They’re silly, they’re sweaty—and they’re surprisingly smart
If there’s one essential fashion tip to be gleaned from the flamboyant world of professional sports mascots—you know, the slapstick San Diego Chicken or the green and goofy Phillie Phanatic—it is this: wear a cup. In Yes, It’s Hot In Here: Adventures in the Weird, Woolly World of Sports Mascots (out today), ESPN.com columnist AJ Mass charts the history and legends of sports mascots, including vivid, outlandish tales of his own tour of duty as Mr. Met between 1994 and 1997.
Here, Mass reveals what motivates a man to don a sweaty animal suit every day—and the hard-work lessons you can learn from the guys who do.
Men’s Health: This is a book full of amazing sports history and stories most fans wouldn’t even think to ask. What are the origins of the book for you?
AJ Mass: I don’t know if I would’ve come up with the idea for writing this book had I not had the first-hand experience of what it’s like to be inside one of those costumes. The mascot world is a different kind of job than any other job I can think of. The mascot exists in this middle-ground area; the fans see us as part of the team and the team sees us as part of the fans. We’re the only person who has a leg in both worlds. That makes it unique.
MH: Theme park characters are the closest equivalent we can think of. But that’s not quite right, is it?
Mass: In theme parks, there’s almost a wink and a nod from the parents. It’s like the Mall Santa situation: We know it’s all make-believe, but we won’t spoil it for the kids. With mascots, the grown-ups buy in, too—in both positive and negative ways. The little kids come at you for a hug, but you’ve also got the drunk fan from out of town who’s angry that his team is losing and wants to take it out on you.
MH: Bottom line: Sports mascots are about ticket sales and merchandising, right?

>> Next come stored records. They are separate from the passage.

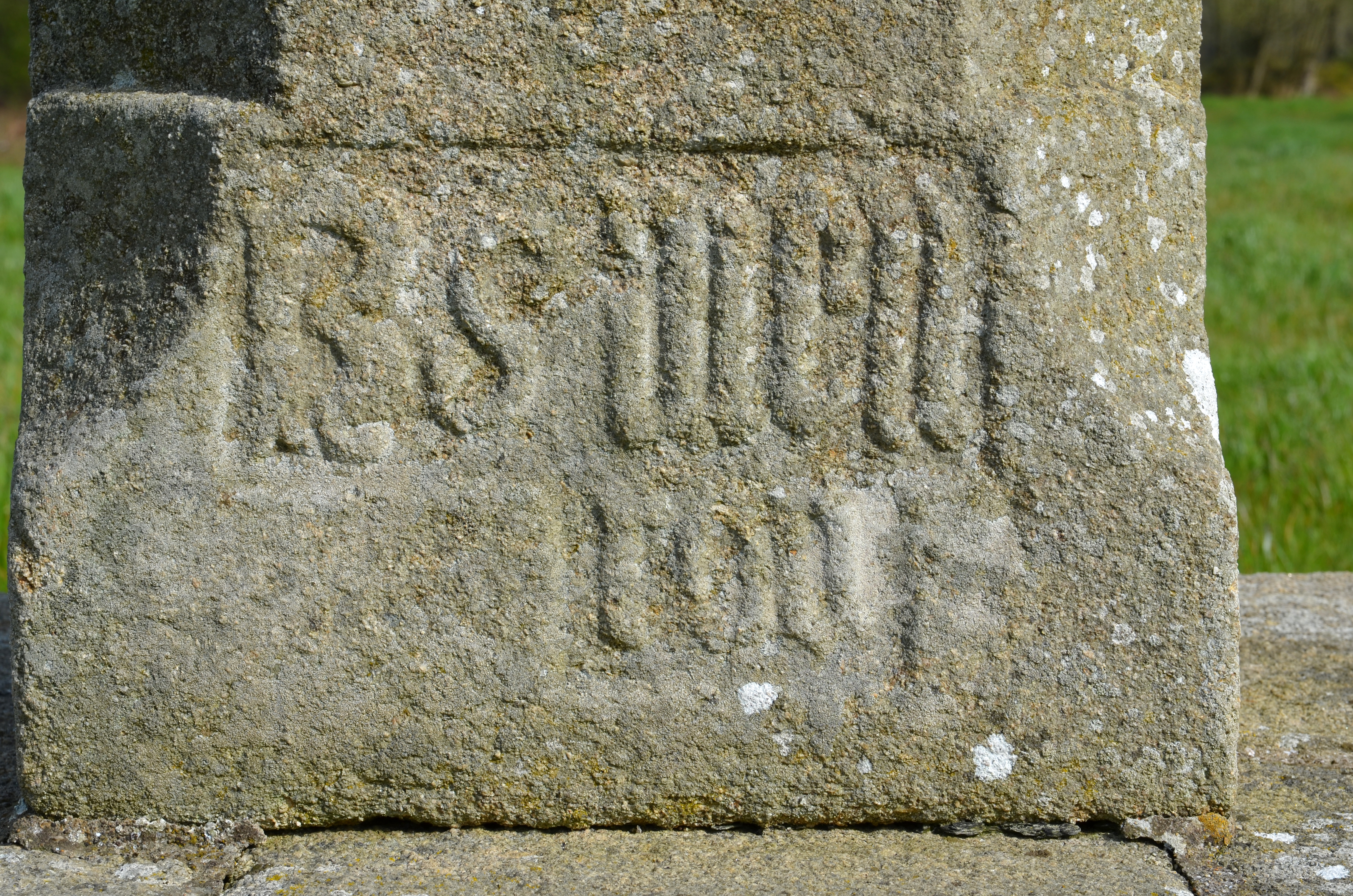 Ploubezre, Kernévez : croix de chemin de la Ville Neuve, détail de l'inscriptionImmatriculation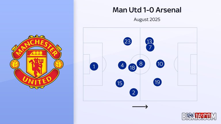 又回到了阿莫林久经考验的阵型;然而,曼联却充满了活力,在阿莫林的另一种不同方式中占据了前脚并高位逼抢。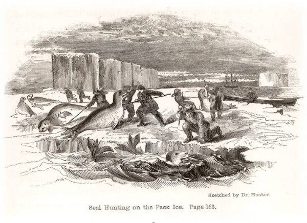 Ce furent tout d’abord les baleiniers qui hantèrent ces parages, à la recherche de ressources qui s’amenuisaient partout ailleurs. Rapidement, ils prirent pied sur presque toutes les îles périantarctiques pour y chasser les éléphants de mer et, surtout, les otaries en raison du plus grand bénéfice que l’on tirait de leur peau.

Mass: Today, yes, it’s more of a financial cash cow, if you will. It’s a marketing tool. A lot of teams see it only in that regard: How much money can we get out of this? But you also have to have a reliable person in that costume. Some of the teams are happy to just put the “intern of the week” in the costume and send him out there, but would you actually let the intern make trades for you or handle payroll or do press relations? Being a team mascot is a big responsibility. It’s about playing a role, building good will, and giving the fans a good time.
MH: Baseball is a superstitious game. Does the mascot have anything to do with that?
Mass: That’s where a lot of the mascots came from in the early days. A player comes up to bat, sees a small kid in the stands that’s smiling at him or something, the guy gets a nice single, and he wants the same kid at the park the next day. The lucky charm. The mascot. The kid’s obviously good luck, right? Mascots, in the old days, were witches. That’s where the word “mascot” comes from. They could cast spells. They have these immense powers. There’s nothing essential to the game in having a mascot, but there may be some superstitious power there.
MH: For the Mets, it’s not having Mr. Met, necessarily—it’s having you. They’ve not been doing so well since you left the team.
Mass: No comment! [Laughs] I’m a little over-the-hill for that job now. It’s a young man’s game, for sure.
MH: Yeah, you probably can’t live on minimum wage at your age.
Mass: It was a little better than that. By my fourth year, it was essentially a full-time job. But they wouldn’t give me health benefits, and that’s when the whole thing came crashing down. I was on the field more than their back-up catcher, and all I wanted was health insurance. They insisted I was only a seasonal employee, but they demanded I be there 24/7. You can’t have it both ways.
MH: So how hot is it inside that suit?
Mass: I would say the Mr. Met suit was probably a good 30 to 40 degrees warmer than outdoors. You’d lose a good 8 to 10 pounds at a normal game, easy. It is hot in there. It really is. And you’re working, in baseball, a 16-day homestand sometimes. Sometimes double-headers. There’s no time limit. You don’t know how long you’ll be at work each day. It’s a serious job. You have to be almost as in shape as the ball players themselves.
MH: What was your worst day on the job as Mr. Met?
Mass: Bat Day. Now you’ve taken these sugared up, prepubescent children who generally don’t have the greatest adult supervision, and you’ve armed them. With weapons. That are meant to hit the baseball. And when you’re Mr. Met, and your head is a baseball, you’re a perpetual target. Arming the people is always a bad idea.
MH: Did Mr. Met wear a cup?
Mass: I never did. I probably should have.
MH: Do sports mascots have groupies?
Mass: I wouldn’t be surprised. I’ve certainly seen enough kids and their moms run down the ramp chasing after a mascot, so I know there is a lot of passion. But I was never propositioned. I’m not a member of the furry community or the plushy community, but I’m sure it’s happened. There’s someone for everybody. Isn’t that what they say?